現にあの場では殺さず、生かしてやってるだろ?
ただ、衛兵隊に引き渡したあと、裁判でどんな判決が出て、どんな罰を与えられるかまでは、俺たちの裁量を越えているってだけの話で……。
『おほほーっ奴らの絶望を思うとたまらんのぅ』
正直あんまり興味もないね……。
「……ふん」
ほとんど素っ裸で、手と首を縄で繋がれ連行されていく湖賊たちに、レイラが鼻を鳴らしていた。うん。やはりご機嫌斜めでいらっしゃる。
「……さて、アレク! ようやく着きましたね!」
と、思ってたら、にっこりと笑ってこちらを見てきた。
「行きましょう! 今度こそのんびりゆっくり!」
俺と腕を組んで、ぐいぐいと宿場街の方へ引っ張っていこうとする。
「……あー、うん」
まあ、宿は取るんだけどさ、もちろん。荷物とか置かなきゃいけないし。
でもね~この街にもいるはずなんだよね。
夜エルフ工作員――!
†††
――そんなわけで、俺たちは、湖岸沿いの少し上等な宿を取った。
ふかふかのベッドや小洒落たソファが置かれ、窓際にはお茶用のサイドテーブルと椅子までついている。もちろん、眺めもいい。落ち着いた雰囲気の二人部屋だ。

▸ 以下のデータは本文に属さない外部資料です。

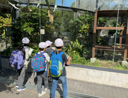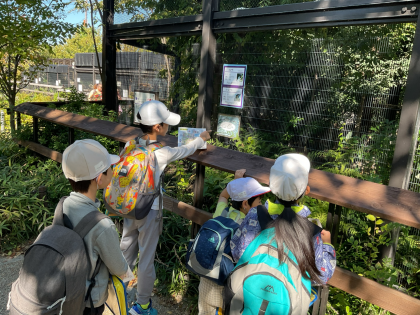 一期では、校外学習で京都市動物園に行きました。縦割りチームで謎解きにチャレンジしながら動物を観察しました。4年生がリーダーになって、みんなで協力している姿が素敵でした。

「えーと、とりあえず今までブチ殺した連中のうち、まだ呼び出してない奴らから事情聴取して、そのあとこの街の工作員についても確認して、問題なく特定できたら始末して、そいつからの情報を精査し終えたら、しばらく休みたいと思います」
「…………」
防音の結界を張ってから、俺がそう宣言すると、レイラは苦笑いしてうなずいた。
「……そうなるだろうとは思ってました。だからせめて、お船に乗っている間だけでも、のんびりできていたらよかったんですけど……」
「ま、まあ、この一件が片付いたら、ちょっとのんびりするから……」
「……はい、わかりました! わたし、せっかくですからアレクと色々やってみたいんです! お魚を釣ったり、ボートを漕いでみたり、泳いでみたり……アレク、いいですか? やってみても」
「あ、ああ。もちろんだよ……!」
めちゃくちゃグイグイ来るレイラに、俺も思わず、うなずかざるをえない。
……そうか。
レイラにも、色々とやりたいことがあるんだ。彼女は釣りをしたことも、ボートを漕いだことも、泳いだこともない。

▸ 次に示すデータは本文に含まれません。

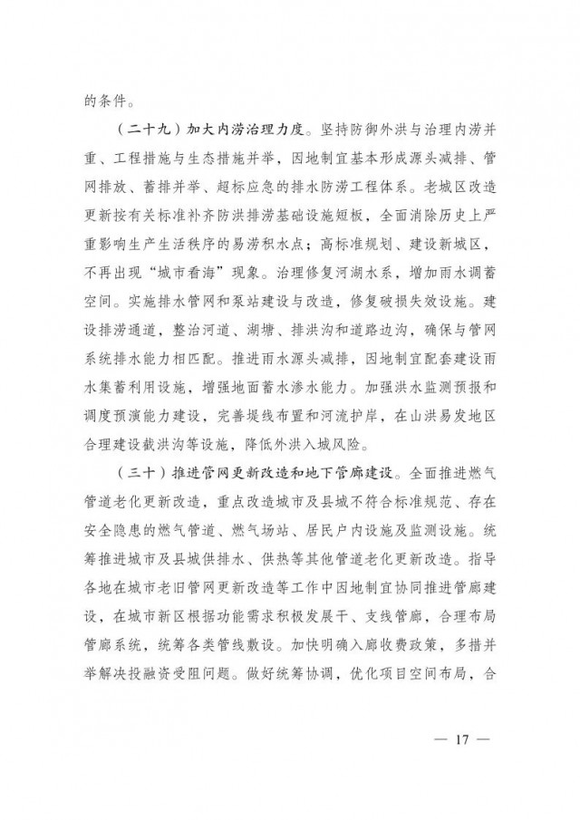 《方案》提出,到2025年,城市可持續(xù)發(fā)展能力明顯增強,城鎮(zhèn)開發(fā)邊界全面劃定,新增建設用地規(guī)??刂圃?950萬畝以內(nèi),城市內(nèi)澇治理取得明顯成效,城市燃氣等管道老化更新改造深入推進,能源資源利用效率大幅提升,城市黑臭水體基本消除,地級及以上城市空氣質(zhì)量優(yōu)良天數(shù)比率提高到87.5%,城市建成區(qū)綠化覆蓋率超過43%。系統(tǒng)完備、科學規(guī)范、運行有效的城市治理體系基本建立,治理能力明顯增強。

自分の好きなように振る舞うという当然の権利を、長いこと剥奪されていたのだ。人化を強要され、使用人としてこき使われ、尊厳も自由もすべてを奪われ――
竜の洞窟から解放されて、ようやくそれらが戻ってきたというのに、今度は俺が、彼女の恩義と善意に付け込んで、血みどろな放浪の旅に付き合わせている。
「やったっ。よし、この街の夜エルフもさっさと狩っちゃいましょう! できることがあれば、わたしも全力でお手伝いします!」
ふんすふんすと鼻息も荒く、かつてなくやる気をみなぎらせているレイラ。
「……ああ。もうひと頑張りしよう!」
俺は、彼女の顔を直視できなくて、窓の外を見やった。
そして、心に決めた。
さっさとこの街の掃除を終えて、しばらくは何も考えずに遊ぼう、と。
魔王国を滅ぼすために、全身全霊を尽くすのが俺の使命だ。しかし――
こんな体たらくでは、ファラヴギに文句を言われるだろう。愛しの娘を断腸の思いで預けたのに、どうしてくれる、と。
そもそも俺は、レイラの親の仇なんだ。最大限に、彼女の善意に報いる義務が、俺にはあるのだ。レイラの優しさに甘えて、そのことを忘れてはならない。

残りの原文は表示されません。